One range is to be output from the listing below, exactly as written: the line with "Te koop aangeboden" to the line with "Dès le premier", both kept.

====== Provided data

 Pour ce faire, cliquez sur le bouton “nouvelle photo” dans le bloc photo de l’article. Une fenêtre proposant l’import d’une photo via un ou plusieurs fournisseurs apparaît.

============
====== Provided data

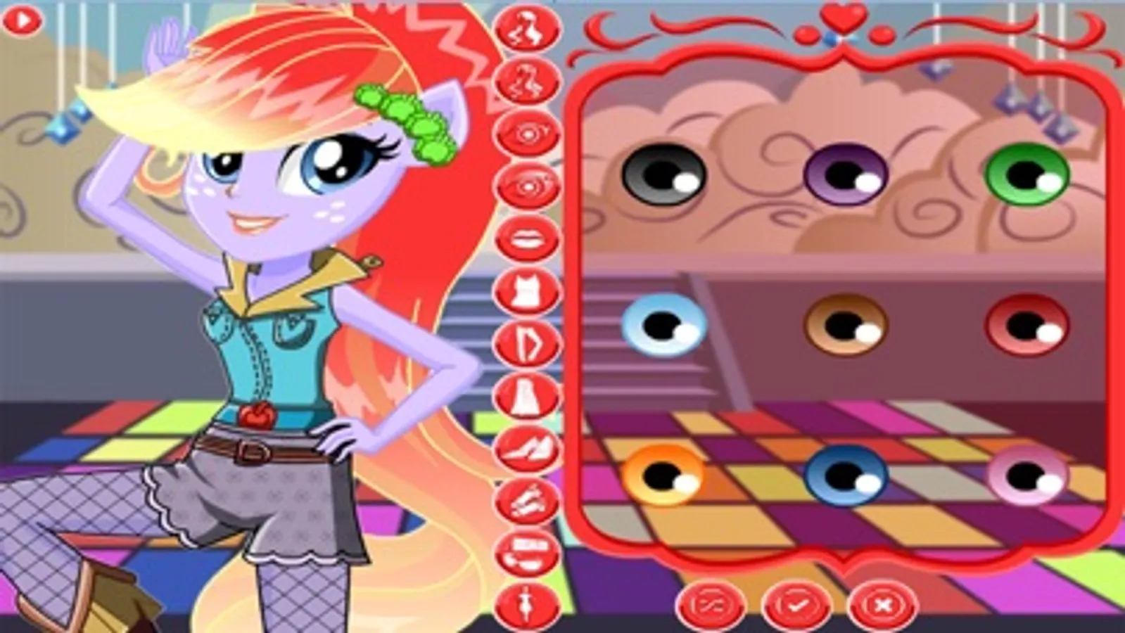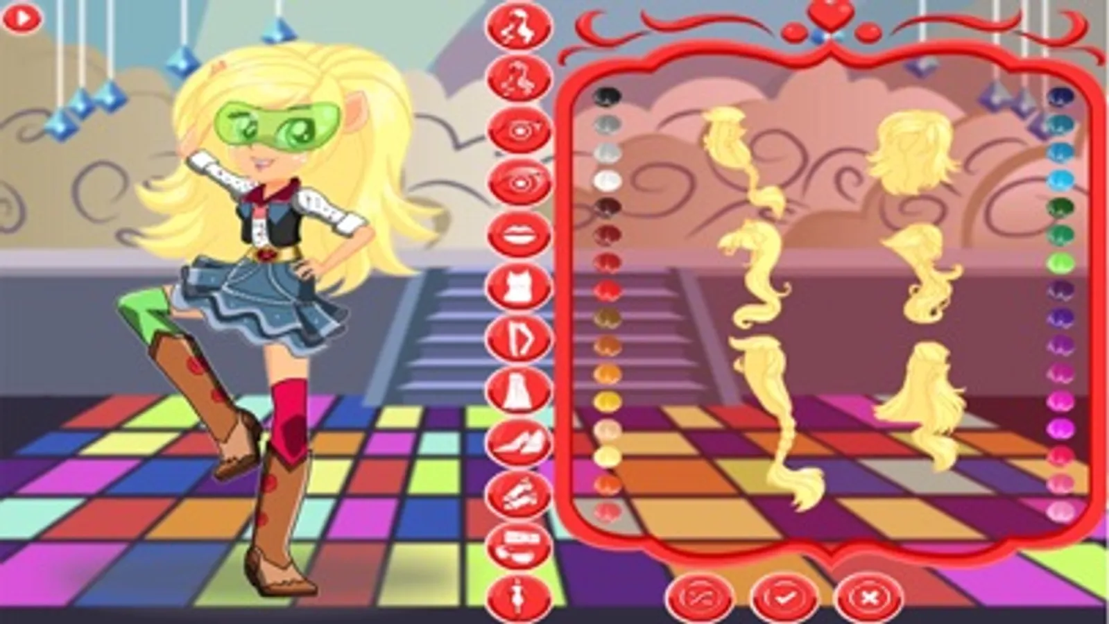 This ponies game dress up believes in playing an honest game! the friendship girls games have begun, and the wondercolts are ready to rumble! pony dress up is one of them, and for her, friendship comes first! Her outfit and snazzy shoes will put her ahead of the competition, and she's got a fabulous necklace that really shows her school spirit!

============
====== Provided data

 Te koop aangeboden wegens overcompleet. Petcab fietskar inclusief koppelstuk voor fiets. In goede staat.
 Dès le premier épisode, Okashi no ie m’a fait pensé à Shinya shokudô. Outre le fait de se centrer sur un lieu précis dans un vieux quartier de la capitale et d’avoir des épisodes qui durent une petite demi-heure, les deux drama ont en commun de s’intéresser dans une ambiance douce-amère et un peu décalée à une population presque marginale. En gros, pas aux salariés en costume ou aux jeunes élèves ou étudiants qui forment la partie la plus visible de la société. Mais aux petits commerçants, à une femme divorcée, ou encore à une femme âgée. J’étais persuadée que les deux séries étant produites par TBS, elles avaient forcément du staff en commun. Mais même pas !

============

*Answer area*:
 Te koop aangeboden wegens overcompleet. Petcab fietskar inclusief koppelstuk voor fiets. In goede staat.
 Dès le premier épisode, Okashi no ie m’a fait pensé à Shinya shokudô. Outre le fait de se centrer sur un lieu précis dans un vieux quartier de la capitale et d’avoir des épisodes qui durent une petite demi-heure, les deux drama ont en commun de s’intéresser dans une ambiance douce-amère et un peu décalée à une population presque marginale. En gros, pas aux salariés en costume ou aux jeunes élèves ou étudiants qui forment la partie la plus visible de la société. Mais aux petits commerçants, à une femme divorcée, ou encore à une femme âgée. J’étais persuadée que les deux séries étant produites par TBS, elles avaient forcément du staff en commun. Mais même pas !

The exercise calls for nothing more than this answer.